=== Section Start ===
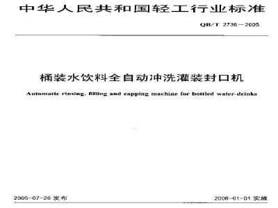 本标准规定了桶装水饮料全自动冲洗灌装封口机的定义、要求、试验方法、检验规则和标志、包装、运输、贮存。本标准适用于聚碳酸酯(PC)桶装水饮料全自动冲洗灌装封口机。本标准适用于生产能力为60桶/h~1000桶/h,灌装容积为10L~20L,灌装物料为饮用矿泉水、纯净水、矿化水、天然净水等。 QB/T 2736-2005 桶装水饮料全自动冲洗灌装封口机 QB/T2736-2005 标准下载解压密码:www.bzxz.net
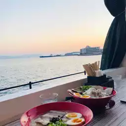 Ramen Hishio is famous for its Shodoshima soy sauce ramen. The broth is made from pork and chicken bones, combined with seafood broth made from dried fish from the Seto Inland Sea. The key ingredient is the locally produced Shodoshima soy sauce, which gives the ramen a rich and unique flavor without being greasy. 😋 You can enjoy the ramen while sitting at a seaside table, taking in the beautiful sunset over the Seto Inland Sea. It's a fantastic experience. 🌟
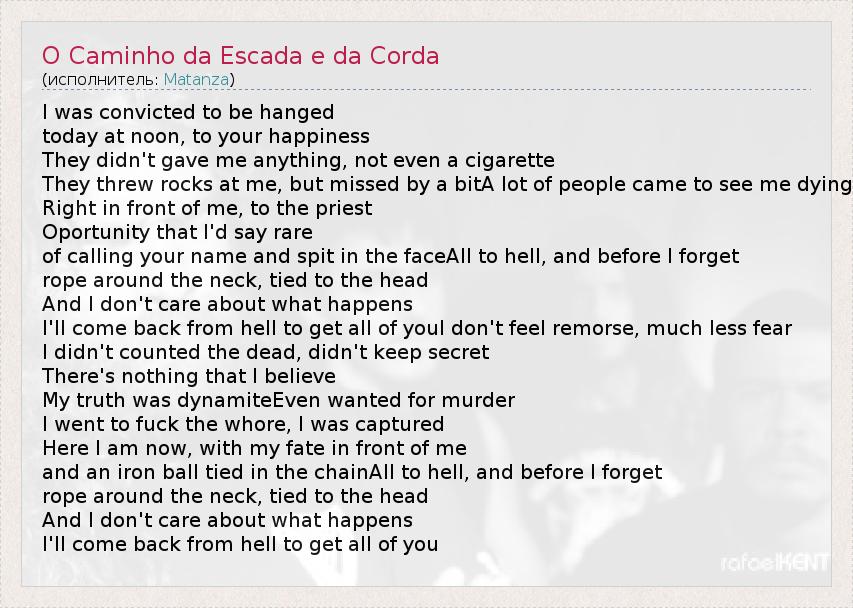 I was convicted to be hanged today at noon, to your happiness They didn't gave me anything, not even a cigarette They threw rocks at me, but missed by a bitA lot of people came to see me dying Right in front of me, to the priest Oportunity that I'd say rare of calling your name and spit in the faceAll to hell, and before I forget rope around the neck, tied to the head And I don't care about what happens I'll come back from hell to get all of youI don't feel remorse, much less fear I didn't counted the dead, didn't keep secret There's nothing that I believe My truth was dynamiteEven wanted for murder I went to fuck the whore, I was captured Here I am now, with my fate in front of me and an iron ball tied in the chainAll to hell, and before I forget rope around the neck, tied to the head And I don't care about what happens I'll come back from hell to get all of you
=== Section End ===
=== Section Start ===
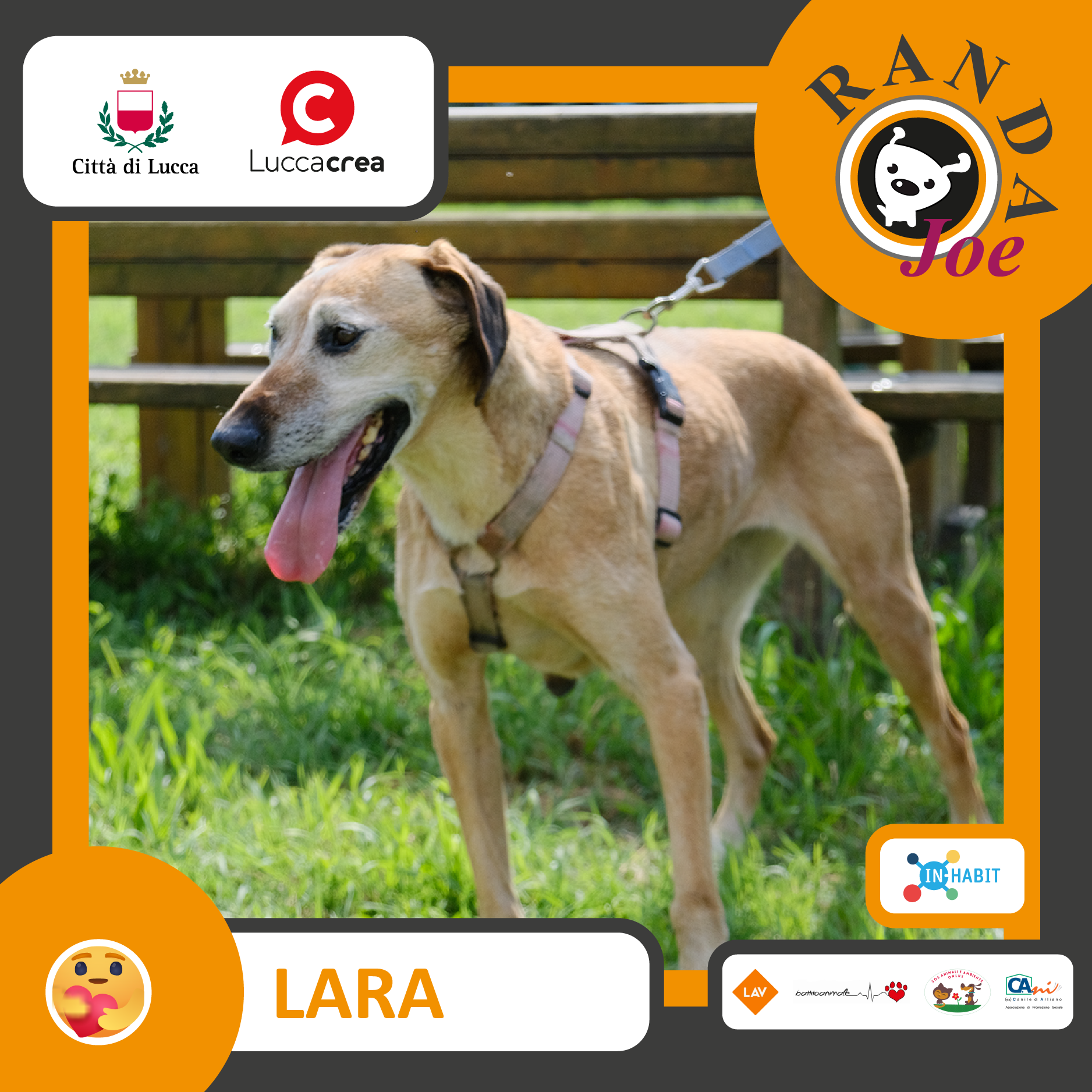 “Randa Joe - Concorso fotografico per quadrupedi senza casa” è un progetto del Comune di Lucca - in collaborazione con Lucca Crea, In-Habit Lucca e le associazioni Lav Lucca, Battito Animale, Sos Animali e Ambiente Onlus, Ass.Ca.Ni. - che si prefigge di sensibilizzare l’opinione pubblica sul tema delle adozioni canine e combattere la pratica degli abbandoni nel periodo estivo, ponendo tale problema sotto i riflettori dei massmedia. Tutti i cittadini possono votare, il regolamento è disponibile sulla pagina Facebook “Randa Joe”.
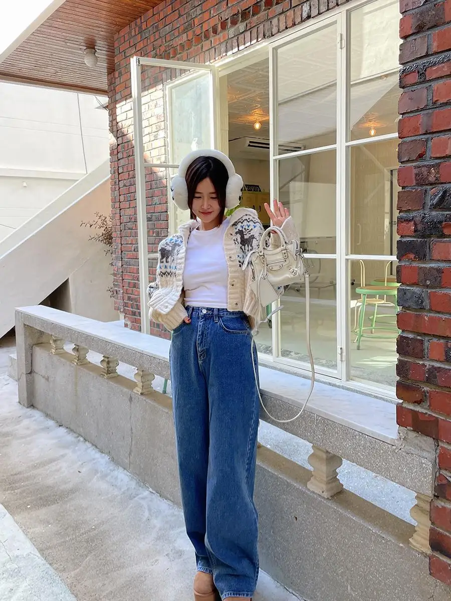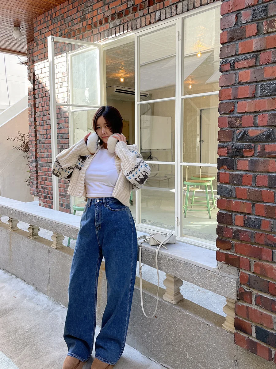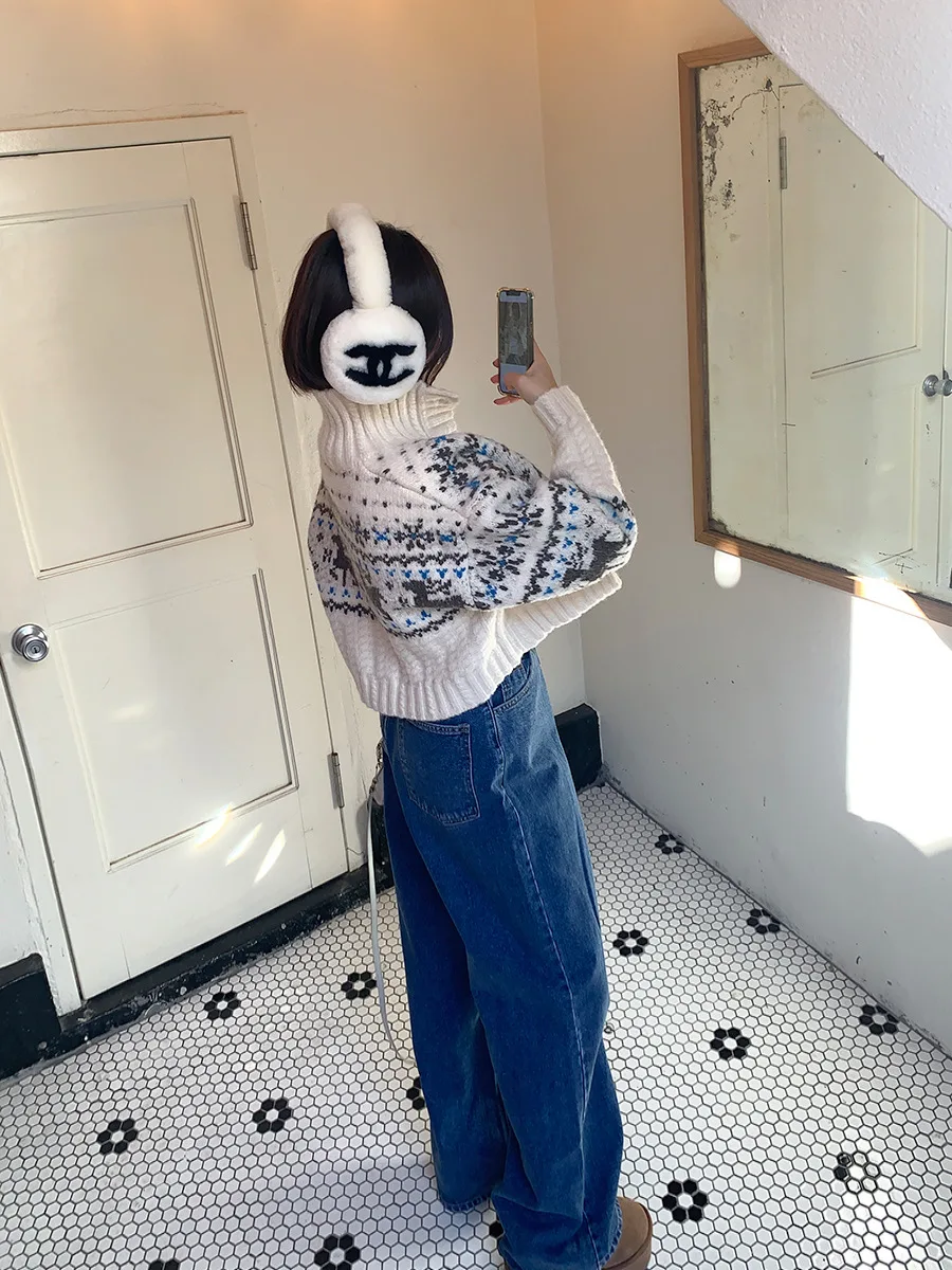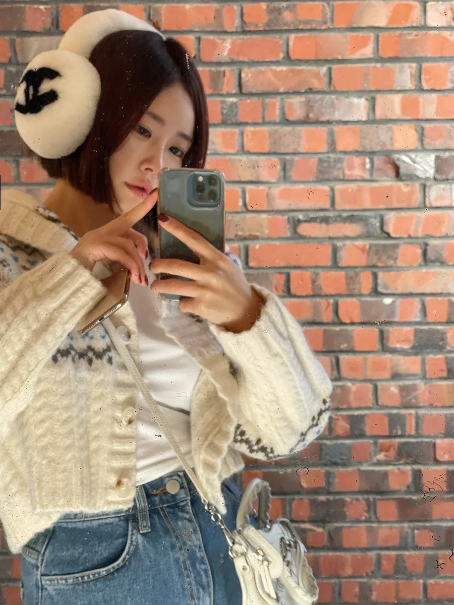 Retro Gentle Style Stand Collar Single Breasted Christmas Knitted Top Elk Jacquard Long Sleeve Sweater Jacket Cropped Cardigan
=== Section End ===
=== Section Start ===
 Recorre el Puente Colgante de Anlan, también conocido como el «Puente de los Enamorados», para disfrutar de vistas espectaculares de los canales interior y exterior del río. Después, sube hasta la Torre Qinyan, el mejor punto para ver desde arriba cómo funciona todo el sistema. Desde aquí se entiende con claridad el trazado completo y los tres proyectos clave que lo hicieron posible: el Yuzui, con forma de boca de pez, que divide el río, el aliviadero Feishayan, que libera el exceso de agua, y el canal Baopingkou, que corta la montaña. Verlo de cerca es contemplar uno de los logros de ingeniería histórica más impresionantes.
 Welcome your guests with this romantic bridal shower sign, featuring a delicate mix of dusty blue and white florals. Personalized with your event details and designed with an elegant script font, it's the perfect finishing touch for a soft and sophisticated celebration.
=== Section End ===
Working from the material above, retype exactly the lines from the one with "Recorre el Puente" through the one with "Welcome your guests", both included, and only those lines.

(WRITTEN SOLUTION):
 Recorre el Puente Colgante de Anlan, también conocido como el «Puente de los Enamorados», para disfrutar de vistas espectaculares de los canales interior y exterior del río. Después, sube hasta la Torre Qinyan, el mejor punto para ver desde arriba cómo funciona todo el sistema. Desde aquí se entiende con claridad el trazado completo y los tres proyectos clave que lo hicieron posible: el Yuzui, con forma de boca de pez, que divide el río, el aliviadero Feishayan, que libera el exceso de agua, y el canal Baopingkou, que corta la montaña. Verlo de cerca es contemplar uno de los logros de ingeniería histórica más impresionantes.
 Welcome your guests with this romantic bridal shower sign, featuring a delicate mix of dusty blue and white florals. Personalized with your event details and designed with an elegant script font, it's the perfect finishing touch for a soft and sophisticated celebration.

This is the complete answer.